LITERARY FLOURISHES in the Budget speech are like the dabs of comic relief in the darkest tragedies of Shakespeare. Hamlet, for instance, which you wouldn’t really turn to for brightening up a gloomy day, has characters called Clowns, gravediggers who insert witticisms and jokes while disposing of bodies. The responsibility for inserting the literary touch in the Budget’s ocean of numbers is possibly the doing of Manmohan Singh. A cursory perusal of Budgets before his momentous 1991 liberalisation one shows little such predilection. The interim Budget a few months earlier by Yashwant Sinha or the preceding ones by Madhu Dandavate and SB Chavan are all as dry as a centenarian’s wrinkles.

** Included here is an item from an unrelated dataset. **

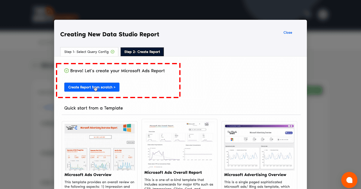 - From the next Create Report tab, click on “Create Report from scratch” to open Looker Studio.
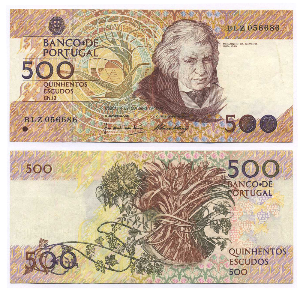ПОРТУГАЛИЯ 500 ЭСКУДО 1989 4 ОКТЯБРЯ 1989, ЖОЗЕ КСАВЬЕ МУЗЕНХО ДА СИЛЬВЕЙРА Pick 180с бумага 8595-20-3-2

It was also sparse with Manmohan Singh, just a touch or two, which is perhaps what made it so delicious in the middle of earthshaking policy changes. In 1991, it was a line by Victor Hugo saying, ‘No power on earth can stop an idea whose time has come’. And then P Chidambaram brought in regional flavour in his dream Budget of 1996 where he took a snipe at the Opposition with these words, “What will we do without our critics? As Saint Tiruvalluvar said: ‘Idipparai Illatha Emara Mannan Keduppar Ilanum Kedum’ (Behold the King who reposeth not on those who can rebuke him/He will perish even when he hath no enemies).” From then on the practice just grew stronger. Yashwant Sinha, whose 1991 interim Budget was sans flourish, had swung around in his 1998 Budget with a line by Rabindranath Tagore, ‘You cannot cross the sea by standing and staring at the water’. Arun Jaitley was a serial couplet dropper in his Budgets. In 2015, he said, ‘Kuch to phool khilaye humne, aur kuch phool khilane hai / Mushkil yeh hai baag me ab tak, kaante kai purane hai’ (We have bloomed some flowers, some are yet to / the difficulty is that the garden still has thorns of the past). Next year, the lines had doubled to a Hindi poem on when the boatmen (read the previous Government), defeated, handed the oars to them, despite the storms they showed how to cross the river.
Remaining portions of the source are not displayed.